Even with advanced computing power, central authorities cannot replicate the market’s information-processing capabilities because they lack access to the subjective valuations that give rise to market prices. AI may enhance computational capacity, but it cannot solve the fundamental problem of aggregating and coordinating dispersed subjective knowledge.

Policy Implications: Freedom Over Intervention

Government intervention will likely impede rather than facilitate beneficial AI adoption. Proposals for universal basic income, job guarantees, and retraining programs reflect the same planning mentality that Mises and Hayek demonstrated to be theoretically flawed and practically counterproductive.

These interventions distort the market signals that guide resource allocation. Subsidizing displaced workers to remain in obsolete industries prevents the capital reallocation necessary for economic progress. Price controls and regulations reduce entrepreneurial incentives to discover innovative applications for AI technology.

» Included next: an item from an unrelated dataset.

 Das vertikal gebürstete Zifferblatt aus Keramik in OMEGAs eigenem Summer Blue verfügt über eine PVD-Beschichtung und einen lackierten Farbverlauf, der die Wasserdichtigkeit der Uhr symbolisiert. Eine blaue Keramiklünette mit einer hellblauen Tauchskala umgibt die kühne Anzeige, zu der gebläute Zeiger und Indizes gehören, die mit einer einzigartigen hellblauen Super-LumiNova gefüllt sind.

Redistributive schemes transfer resources from productive uses to political constituencies, reducing overall wealth creation.

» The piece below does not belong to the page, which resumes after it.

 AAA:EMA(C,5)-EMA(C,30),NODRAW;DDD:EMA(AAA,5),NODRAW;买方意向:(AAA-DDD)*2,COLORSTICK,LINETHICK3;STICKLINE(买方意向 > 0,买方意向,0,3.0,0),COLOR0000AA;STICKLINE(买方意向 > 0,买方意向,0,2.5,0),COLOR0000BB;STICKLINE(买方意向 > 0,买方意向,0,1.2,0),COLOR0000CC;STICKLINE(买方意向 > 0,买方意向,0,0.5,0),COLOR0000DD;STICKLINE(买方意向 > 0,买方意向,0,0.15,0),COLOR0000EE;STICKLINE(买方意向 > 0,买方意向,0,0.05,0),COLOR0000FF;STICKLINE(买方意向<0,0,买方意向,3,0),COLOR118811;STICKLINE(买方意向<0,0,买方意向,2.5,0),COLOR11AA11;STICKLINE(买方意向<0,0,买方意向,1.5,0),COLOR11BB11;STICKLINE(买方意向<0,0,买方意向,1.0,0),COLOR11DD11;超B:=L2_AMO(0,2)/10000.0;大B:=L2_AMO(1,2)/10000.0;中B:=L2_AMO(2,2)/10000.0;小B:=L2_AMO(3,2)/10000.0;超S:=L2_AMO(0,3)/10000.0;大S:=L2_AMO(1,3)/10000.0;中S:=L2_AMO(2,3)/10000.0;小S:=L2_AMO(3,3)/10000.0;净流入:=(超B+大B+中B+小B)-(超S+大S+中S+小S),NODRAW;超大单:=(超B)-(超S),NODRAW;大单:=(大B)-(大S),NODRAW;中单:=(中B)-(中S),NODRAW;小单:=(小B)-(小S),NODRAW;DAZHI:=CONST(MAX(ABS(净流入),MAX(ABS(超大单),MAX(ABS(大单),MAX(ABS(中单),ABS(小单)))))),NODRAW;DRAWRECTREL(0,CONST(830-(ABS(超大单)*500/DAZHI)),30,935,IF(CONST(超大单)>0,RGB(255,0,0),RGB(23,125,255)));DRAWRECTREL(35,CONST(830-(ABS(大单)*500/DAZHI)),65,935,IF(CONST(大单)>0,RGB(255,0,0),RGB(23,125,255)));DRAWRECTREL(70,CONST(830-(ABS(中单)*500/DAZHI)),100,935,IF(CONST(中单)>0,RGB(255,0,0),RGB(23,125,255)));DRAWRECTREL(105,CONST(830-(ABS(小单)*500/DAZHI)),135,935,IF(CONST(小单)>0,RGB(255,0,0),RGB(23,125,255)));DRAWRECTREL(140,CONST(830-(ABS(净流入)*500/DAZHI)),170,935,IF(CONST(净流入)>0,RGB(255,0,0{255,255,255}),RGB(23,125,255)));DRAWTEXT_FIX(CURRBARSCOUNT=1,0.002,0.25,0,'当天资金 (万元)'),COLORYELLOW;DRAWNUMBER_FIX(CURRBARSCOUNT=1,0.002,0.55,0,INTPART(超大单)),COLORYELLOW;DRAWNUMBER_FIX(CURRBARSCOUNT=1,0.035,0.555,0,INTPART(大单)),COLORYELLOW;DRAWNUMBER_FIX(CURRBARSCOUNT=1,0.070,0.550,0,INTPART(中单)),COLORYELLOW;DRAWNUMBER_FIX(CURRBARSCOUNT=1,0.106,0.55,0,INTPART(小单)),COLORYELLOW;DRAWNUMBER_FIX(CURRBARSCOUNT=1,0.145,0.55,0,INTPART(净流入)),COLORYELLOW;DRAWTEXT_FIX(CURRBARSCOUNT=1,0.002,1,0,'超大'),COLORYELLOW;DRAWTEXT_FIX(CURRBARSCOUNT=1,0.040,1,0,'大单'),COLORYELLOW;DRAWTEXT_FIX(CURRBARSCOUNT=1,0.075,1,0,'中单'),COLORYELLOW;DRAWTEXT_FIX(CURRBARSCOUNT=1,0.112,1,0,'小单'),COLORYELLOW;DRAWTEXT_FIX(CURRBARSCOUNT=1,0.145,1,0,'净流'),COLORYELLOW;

Instead, a laissez-faire approach—protecting property rights, freedom of exchange, sound money, contract enforcement, and allowing market forces to coordinate the adjustment process—is preferable. This framework maximizes entrepreneurial discovery while ensuring that resources flow toward their highest-valued uses as determined by consumer sovereignty.

Privacy and Data Control

Beyond economic disruption, the real concern with AI lies in privacy and data control. Most AI models capture and store everything users share, often making that data accessible to governments upon request. What individuals disclose to AI systems is thus rarely private. While privacy-focused encrypted models like Maple AI seek to protect user data, it remains uncertain whether they can compete with larger, closed-source models backed by powerful corporations.

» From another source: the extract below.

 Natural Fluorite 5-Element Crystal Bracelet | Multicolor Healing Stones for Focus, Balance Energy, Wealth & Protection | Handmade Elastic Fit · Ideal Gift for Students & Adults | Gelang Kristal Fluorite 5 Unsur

This uncertainty reflects a deeper market reality that Austrian economists would recognize: revealed preferences often contradict stated preferences. Despite widespread expressions of concern about privacy and surveillance, the market consistently rewards the most convenient and capable AI systems regardless of their data practices. Users continue flocking to platforms that offer superior functionality while harvesting extensive personal information, suggesting that most consumers value performance and convenience over data protection. At that point, the concern is government opportunism. Whether entrepreneurial innovation will eventually satisfy latent demand for privacy-first alternatives, or whether the market will continue prioritizing capability over confidentiality, remains an open question that only time and consumer choice can resolve.

Conclusion

Artificial intelligence will disrupt industries and displace workers, but it cannot abolish the fundamental economic realities: human action, scarcity, subjective value, and entrepreneurial calculation. Rather than fearing AI as an economic destroyer, we should recognize it as another tool that entrepreneurs will employ to serve consumer wants more effectively.

The proper response is not government management but institutional humility—maintaining the legal framework for voluntary exchange while allowing market forces to discover AI’s highest-valued applications. Economic laws operate regardless of technological circumstances. AI may change the specific forms that scarcity, value, and entrepreneurship take, but it cannot eliminate these fundamental aspects of human action.